Our team recently lost a critical member suddenly and unexpectedly. This has caused a great deal of consternation as he was the glue that held our build system together. For years my company has paid short-shrift to devops, figuring that good enough was good enough.
This developer was hired originally to do devops for the team, but, as he had desire and skills to move into a developer role, he was fairly quickly spending half of his time (at least) writing code. I had worked with him over several years on getting the build system running along, only requiring maintenance on irregular intervals and, frankly, ignoring the odd collection of servers on which we were running.
There were always fires to put out or new products to get off the ground and to customers, sitting down and actually planning out our infrastructure never seemed all that exciting or important.
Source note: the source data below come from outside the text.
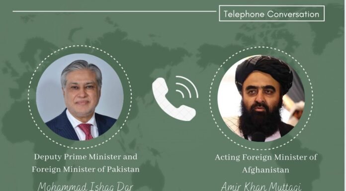 محمد اسحاق دار، معاون صدراعظم و وزیر امور خارجه پاکستان، با امیرخان متقی، سرپرست وزارت امور خارجه طالبان، گفتوگوی تیلفونی انجام داد.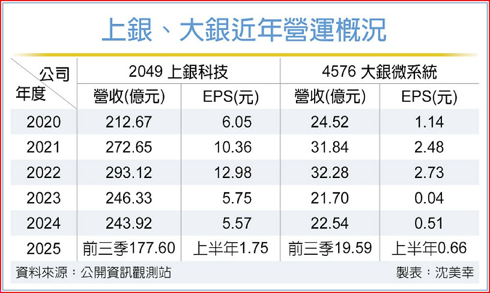 上銀集團受惠半導體業訂單回升,旗下上銀9月營收月增近10%,創近十個月新高;大銀因微米及奈米級定位平台出貨增加,9月營收年月雙增,全年營收有望雙位數成長。
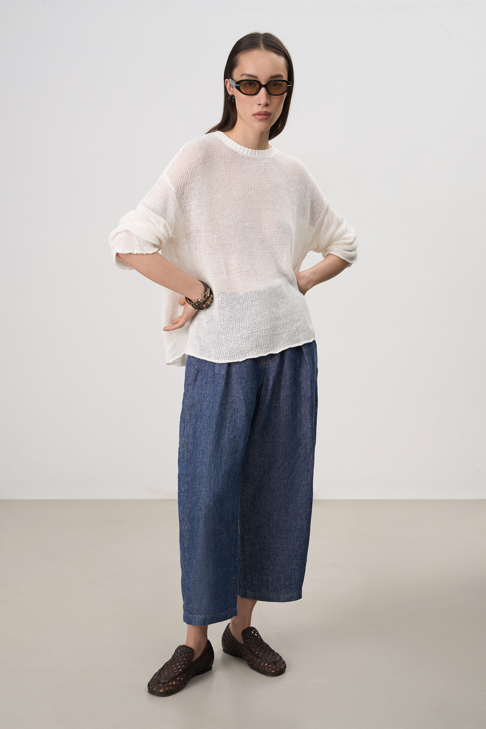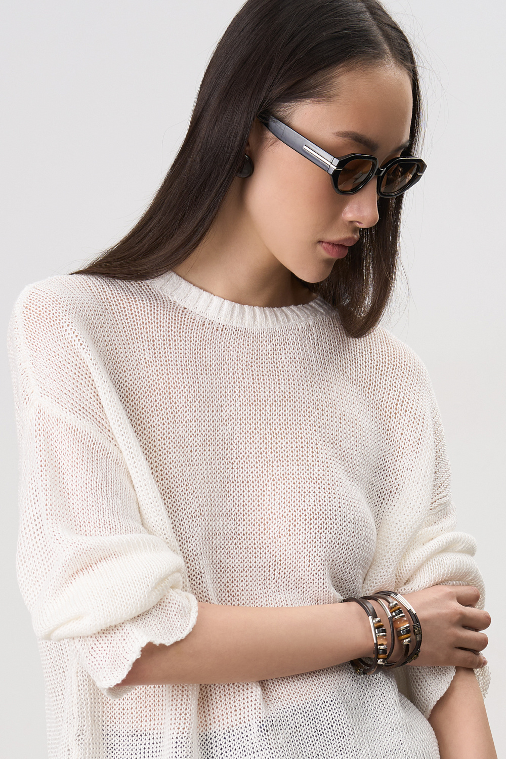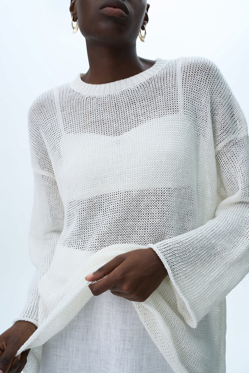 Loose semi-sheer jumper with dropped shoulder line.

I'm sure many of you know how this goes. With that key critical piece of the team gone, we've been scrambling to figure out who owns which servers (this is a part of a large corporation, we've got servers owned and managed by at least three different entities), what, exactly, each one does, and what login credentials we have.
I'm not blaming the other developer, as I'm also to blame. Frankly the entire lab shares some responsibility as well. That's not really important at this point. What is important, however, is learning from the mistake and getting our system not only back up and running, but also documented and understood to the point that we can hire someone to manage it and improve it.
There are always excuses for not getting the build (or the project, or the test harness) documented, and sometimes those excuses are valid. Unfortunately there frequently comes a time when you have to pay for that technical debt.
Here's hoping that I personally and my team in general will learn and grow from this experience and find the right balance between moving quickly and ensuring our systems and designs are stable.